The report outlines criteria to which secondary schools had to agree in order to receive state funding for the Alabama Reading Initiative (ARI). In terms of professional development, there were two very important criteria: 1) a commitment of at least 85% of the faculty and administration to attend a two-week intensive summer institute about reading improvement and ongoing professional development throughout the school year, and 2) the appointment of full-time reading coaches, who worked with teachers and with struggling readers. To additional cornerstones of the program are collaboration between schools and high education faculty partners and partnerships with local businesses.

It is very interesting that the ARI secondary initiative started with a one-size-fits-all approach to supporting students' reading. However, curricular intentions were not very clear to teachers, and so Alabama secondary teachers and their reading coaches systematically adapted materials and approaches to meet their particular needs. Bacewich and Salinger state, "Indeed, it is safe to say that their efforts to make ARI work in secondary schools with adolescent students have resulted in separate secondary and elementary reading initiatives under the same ARI umbrella."
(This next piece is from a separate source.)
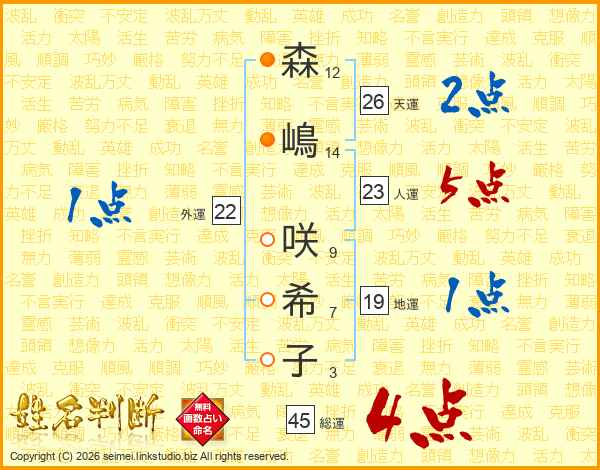 森(12画)嶋(14画) 咲(9画)希(7画)子(3画)

Bacewich and Salinger outline four important lessons learned from the Alabama efforts: 1) be responsive, a one-size-fits-all approach will not work, 2) develop partnerships among teachers, administrators, and schools to create a coherent and well-defined K-12 continuum of reading instruction, 3) provide secondary teachers and schools with consistent support from coaches and other staff, and 4) be attentive to the local, state, and national policy environment related to reading.

The report goes into depth about the qualitative changes that have occurred for teachers, administrators, and students as part of ARI efforts. It confirms that achievement scores in Alabama have risen, but that the intent of the research study was not to tie particular teachers, student achievement scores, and ARI. While there has been much change in attitude and instruction among secondary teachers, both teachers and administrators think that they still need an intensive reading program for students who are reading much below grade level in middle and high school. On their own AIR is starting to pilot such a program called A-PAL.